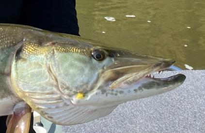 We put a low-40’s in the net yesterday and had another hot fish slash at boatside all before 11am. The rest of the day got very slow for us after the sun got bright. As soon as we looked in the net, we noticed the bright yellow spot on her cheek. I do not remember ever seeing any yellow on any previous Allegheny muskies.
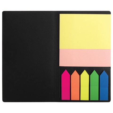 Набор из 2 стикеров пастельного цвета в форме прямоугольников 51х75 и 25х75 мм по 20 листов каждый и 5 закладок неоновых цветов в форме стрелок размером 12х48 мм, каждая по 20 закладок. Плотность бумаги составляет 75 г/м2. Клейкий слой - 35 Н/м. Легко клеятся к любой поверхности. Не оставляют следов. Листы уложены в картонную книжку и упакованы в полиэтиленовый пакет с европодвесом.
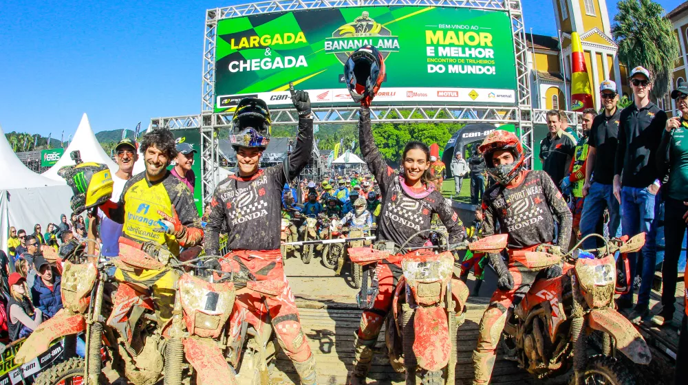 Corupá (SC) – A pequena cidade de Corupá (SC) voltou a ser a capital mundial da trilha com a realização do Super Bananalama 2019. Reconhecido pelo livro dos recordes como o maior encontro de trilheiros do planeta, o evento terminou neste domingo (7) após quatro dias de muitas atrações. O número de inscritos foi o maior já registrado, 5.031, sendo 4.609 motocicletas. Bruno Crivilin, Gabriel Soares e Bárbara Neves, pilotos da equipe Honda Racing de Enduro, tiveram a experiência inédita de acelerar ao lado de outros tantos apaixonados pelo off-road com a CRF 250F, a moto oficial do Super Bananalama.
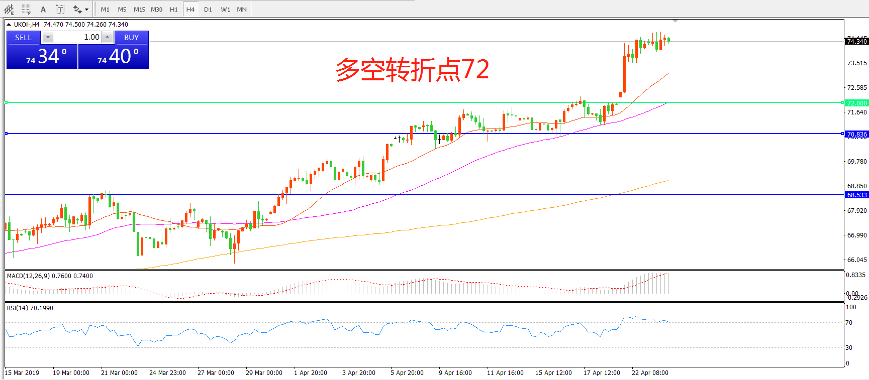 交易策略:在72.00之上看涨,目标75.50    80.00
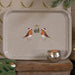 This small, charming Robin printed tray is perfect for festive drinks, serving food or making a lovely Christmas home decoration. Featuring two red-breasted Robins holding a sprig of mistletoe together on a neutral ground.
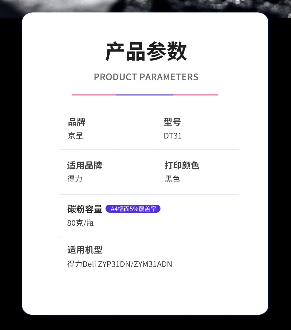 商品名称: 京呈DT31硒鼓适用得力ZYP31DN ZYM31ADN M28D 28DN 28ADN打印机碳粉盒 高清碳粉 80g/瓶 DT31/瓶
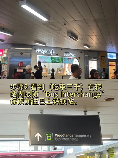 2. 出站后跟随站内“Bus Interchange”标识,步行前往兀兰临时巴士转换站,搭乘 950路巴士,前往新加坡兀兰关卡(Woodlands Checkpoint)。
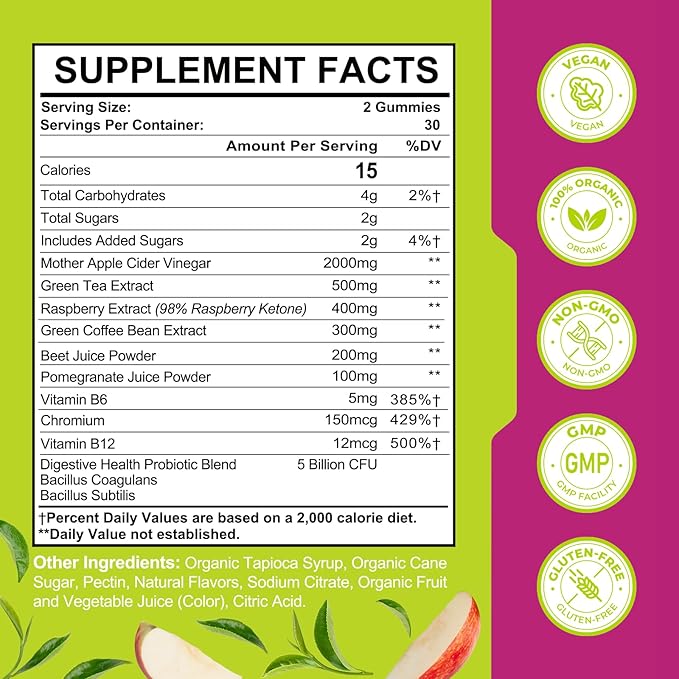 - APTAILORED FOR COMPREHENSIVE WELLNESS: Our apple cider vinegar kelly clarkson with mother are vegan, non-GMO, gluten-free, and gelatin-free. We stand by the purity and potency of acv keto gummies and test it at each stage of production, Ensures high-quality wellness support ple Cider Vinegar Gummies 2000mg with Green Tea - 120 Counts
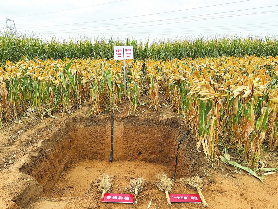 “一免”即播前免整地,隔年深松翻,蓄水保墒节能;“五增”即“增墒”,沟播探墒,垄沟集雨,抗旱保苗;“增养”,秸秆归垄腐熟,菌肥同播,培肥地力;“增密”,增株抗倒耐密,增加亩穗数;“增绿”,测土分次施肥,增加穗粒数,机械除草节肥药;“增重”,一喷多促,延迟收获增粒重。
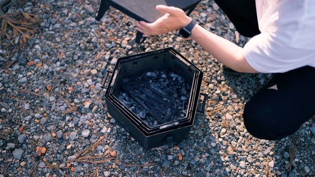 - 焚き火や炭火、調理、火消し、木炭やツールの保管までを詰め込んだオールインワン焚き火台
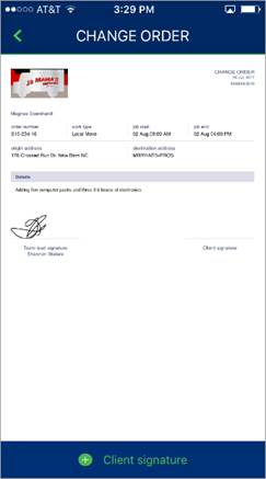 You can generate a Change Order request from the Info section within MSCrew. This function produces a formatted document that includes your company logo, service information, your requested changes, along with signature capture of the lead and client. The output of the Change Order is a generated PDF document that is stored within the Document Management system and optionally is attached to an email message. The document is also available through the Documents tab within the mobile application.
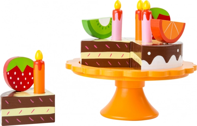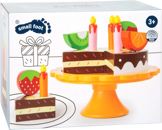 Дървената празнична плодова торта на Small Foot е перфектна за всеки детски празник. Интерактивната играчка позволява на децата да играят с отделните парчета плодове, които са прикрепени с помощта на клечки и могат лесно да се преместват. Свещичките и декорациите придават автентичен вид на тортата и децата могат да си устроят истинско празненство.
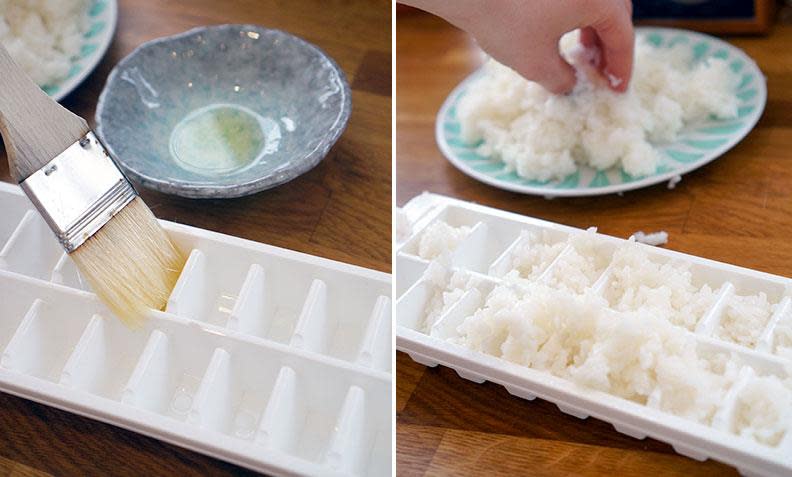 Smør et tynt lag olje i isbitformen. Dette er for å gjøre det enklere å få ut risen etterpå. Fyll hvert avlukke i isbitformen med omlag én spiseskje sushiris. Press risen med et lett trykk, slik at den samler seg i isbitformen.
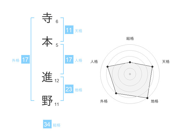 寺本 進野さんを姓名の画数から五運を鑑定
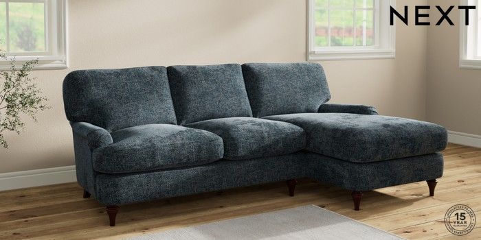 7.2.10 Sadie Deep Relaxed Sit Medium Sofa Chaise - Right Hand Chunky Chenille Dark Navy Blue High Slim Turned - Dark Brown | Made Click here to use our website with more accessibility support, for example screen readers
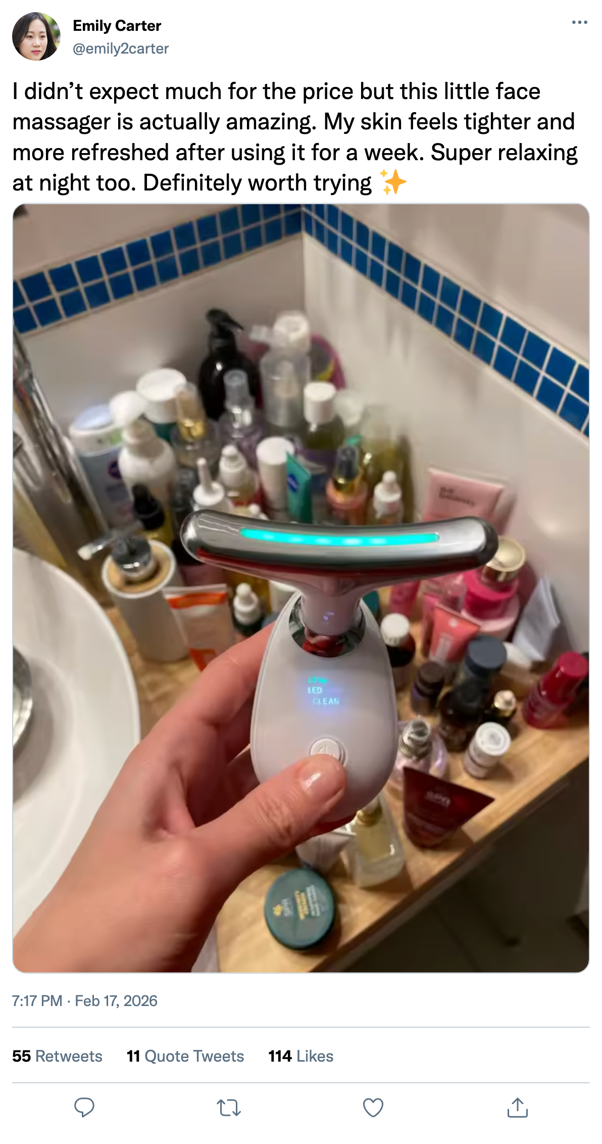 Supports concerns like fine lines, dullness, blemishes, wrinkles and uneven-looking skin in one device.
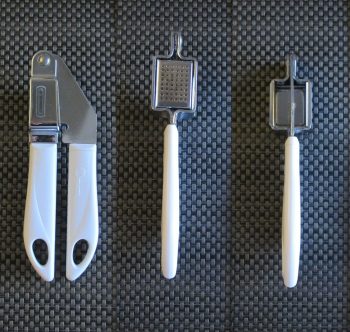 Anmerkungen : Design und Funktionalität entsprechen vielen vergleichbaren Modellen dieses Quasi-Standards bei Knoblauchpressen. Das gilt allerdings nicht für die Griffe.
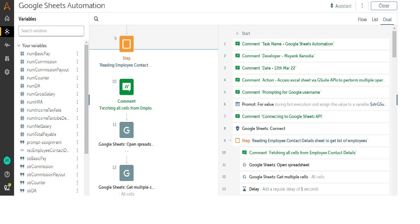 This bot connects to Google Sheets API via Google OAuth Client to read and edit multiple worksheets to calculate the Salary and Tax details of 10 employees of an organization.
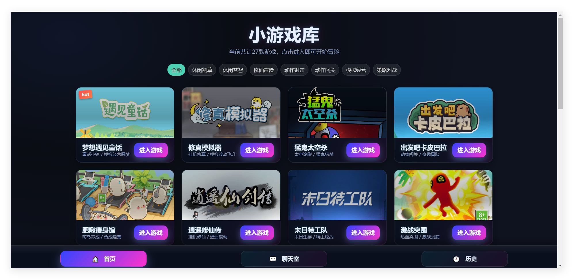 今天再给大家带来一个小游戏库,包含 27个小游戏,此游戏库由作者 echeverra收集于网上,我只是把这个小游戏库封装成了 docker容器,方便大家安装部署,由于里面有 27个非常耐玩的各种类型的纯 H5小游戏,比如修仙冒险、休闲割草、模拟经营、策略对决等游戏,所以我也把它叫做 27h5,适配手机、点击即玩还支持存档。
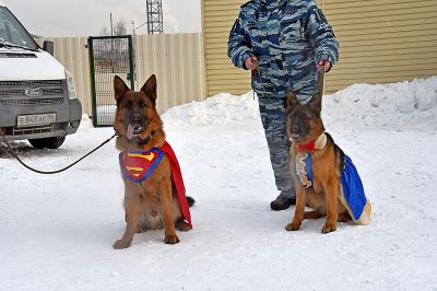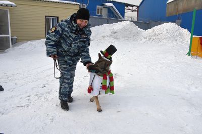 Кроме работы, кинологи еще и проводят костюмированные представления с участием собак. Четвероногие демонстрируют общий курс дрессировки для детей из неблагополучных семей, которые проживают в подшефных организациях, к примеру, для детей организации «Умка» в Сухом Логу.
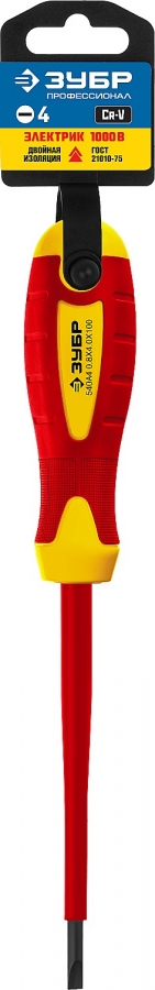 Отвертка диэлектрическая до 1000В, ЗУБР Профессионал ПРОФИ ЭЛЕКТРИК 25261-4.0-100, Cr-V, трехкомпонент рукоятка, SL 4 x 100 мм 25261-4.0-100_z01
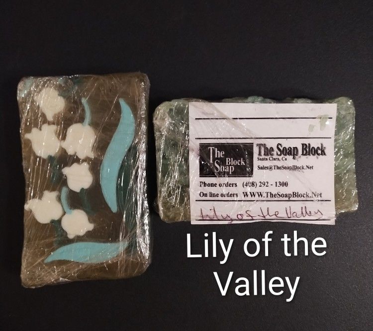 The Soap Block, Lily of the Valley, is a soft floral scent. You can easily cut this one up into small bars and use as guest soaps. All soaps are a glycerin type made from coconut oil. They have a nice creamy lather, will scent your whole bathroom, and look beautiful. You can safely use it on even the most sensitive skin with no problems. Soap Block soaps are hypoallergenic, nut free, gluten free, and soy free. Size Approx. 4” x 3”x.75” Weight Approx. 5.5oz - 6.5oz The bar with the Lily of the Valley flowers has no name brand or label. Asking $5 each (retail $7) Located in Stallion Mountain Golf Community, East Flamingo Rd
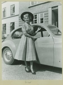 Vintage fashionistas may query Miss Donlan’s couturier – was this a Dior or Jacques Heim* original – or just inspired by them? Her couture echoes the Modernist line – and concept – of her car. Couturiers then and now achieved the effortless elegance of their line with a great deal of costly attention from skilled artisans beneath the surface; and some such as Balenciaga even used a hidden superlight frame to support their masterpieces. Sound familiar?
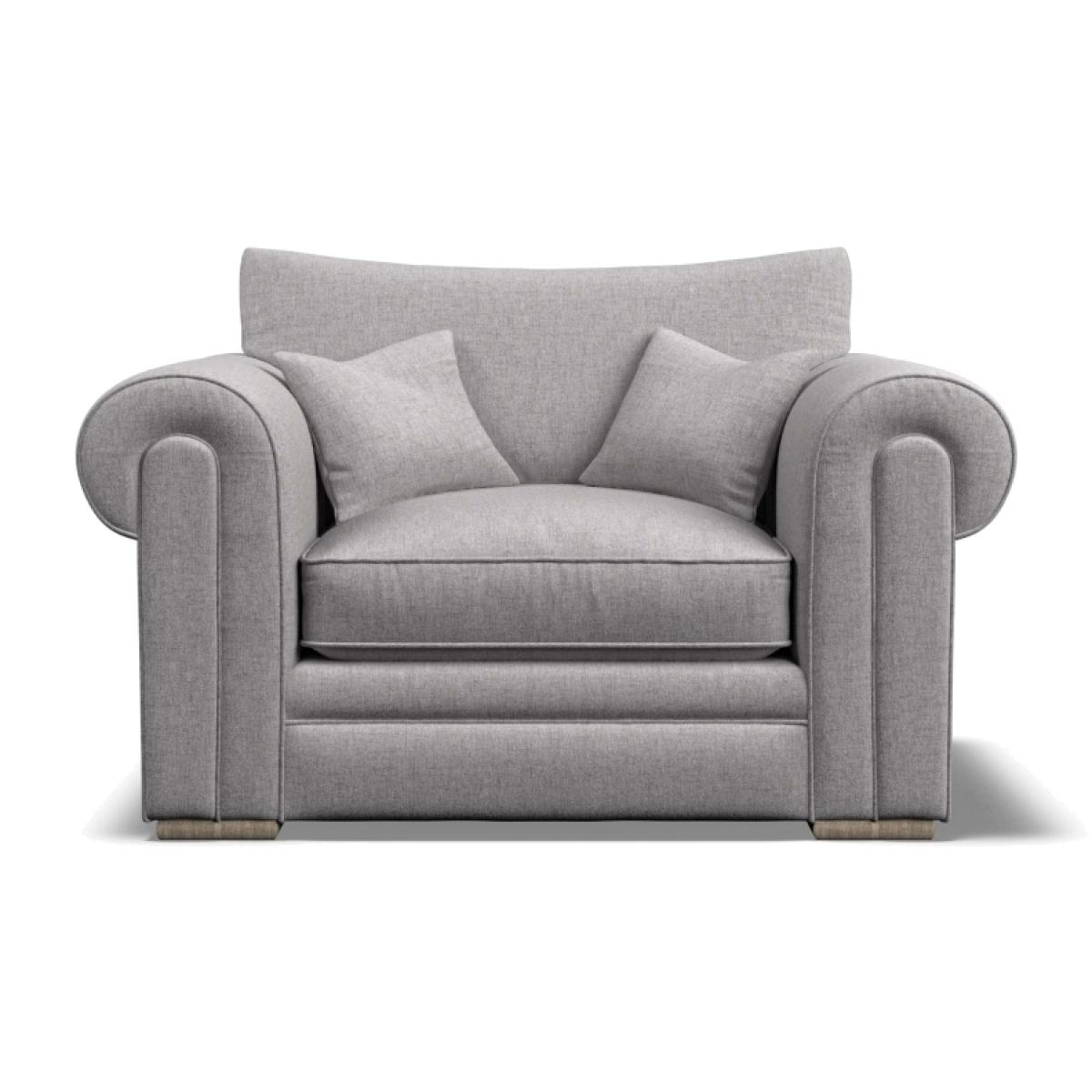 Designed for those who crave space without compromising on style, the Olympus Standard Back Fabric Snuggler is the perfect blend of generous proportions and refined elegance. More than just a chair, this oversized snuggler invites you to curl up solo or cuddle close with someone special. Upholstered in premium, soft-touch fabric and crafted with Whitemeadow’s signature British quality, the Olympus Snuggler boasts deep, supportive cushions and a sturdy hardwood frame built to last. Its clean lines, gently flared arms, and plush scatter cushions add a touch of modern luxury to any living space. Whether you're reading, relaxing, or indulging in a lazy Sunday, the Snuggler delivers unrivalled comfort with contemporary charm. Available in a range of beautiful fabrics to suit your style, it’s not just a seat – it’s your new favourite spot! Features: Hardwood Frame Sustanably Sourced in the UK by skilled craftsmen. The bounce back foam seat cushions are ultra-low maintenance and offer a comfortable cocoon of support. Generously sized for maximum comfort Standard back cushions for balanced support Soft, durable fabric upholstery Split design for easy access and delivery Modern yet versatile aesthetic Choose Walnut or Weathered Oak Wood or a Chrome Metal option. Dimensions: Height: 92cm Width: 154cm Depth: 105cm All screens vary in colour reproduction and whilst every effort has been made to display the colour as accurately as possible it is for guidance only.
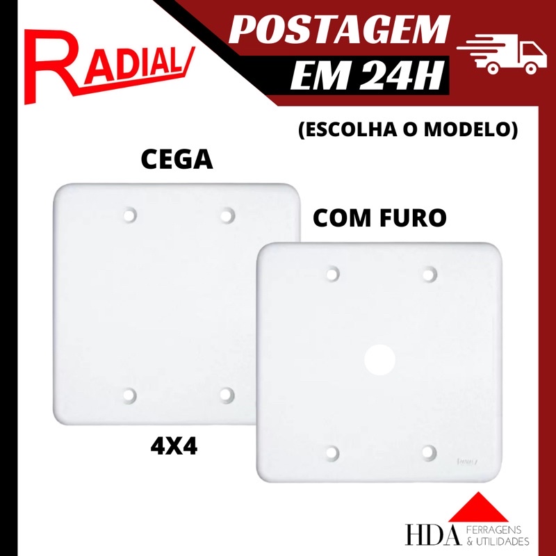 Placa Espelho Tampa 4x4 Cega ou Com Furo Saída de Fios (Escolha o Modelo) Pollar - Radial

-*-*-

→ **Exercise brief**:
The lines to copy exactly start with the line above that has "交易策略:在72.00之上看涨,目标75.50    80.00" and go on through the line that has "- 焚き火や炭火、調理、火消"; please include both, add nothing else, and omit the pictures.

→ **Answer to the exercise**:
 交易策略:在72.00之上看涨,目标75.50    80.00
 This small, charming Robin printed tray is perfect for festive drinks, serving food or making a lovely Christmas home decoration. Featuring two red-breasted Robins holding a sprig of mistletoe together on a neutral ground.
 商品名称: 京呈DT31硒鼓适用得力ZYP31DN ZYM31ADN M28D 28DN 28ADN打印机碳粉盒 高清碳粉 80g/瓶 DT31/瓶
 2. 出站后跟随站内“Bus Interchange”标识,步行前往兀兰临时巴士转换站,搭乘 950路巴士,前往新加坡兀兰关卡(Woodlands Checkpoint)。
 - APTAILORED FOR COMPREHENSIVE WELLNESS: Our apple cider vinegar kelly clarkson with mother are vegan, non-GMO, gluten-free, and gelatin-free. We stand by the purity and potency of acv keto gummies and test it at each stage of production, Ensures high-quality wellness support ple Cider Vinegar Gummies 2000mg with Green Tea - 120 Counts
 “一免”即播前免整地,隔年深松翻,蓄水保墒节能;“五增”即“增墒”,沟播探墒,垄沟集雨,抗旱保苗;“增养”,秸秆归垄腐熟,菌肥同播,培肥地力;“增密”,增株抗倒耐密,增加亩穗数;“增绿”,测土分次施肥,增加穗粒数,机械除草节肥药;“增重”,一喷多促,延迟收获增粒重。
 - 焚き火や炭火、調理、火消し、木炭やツールの保管までを詰め込んだオールインワン焚き火台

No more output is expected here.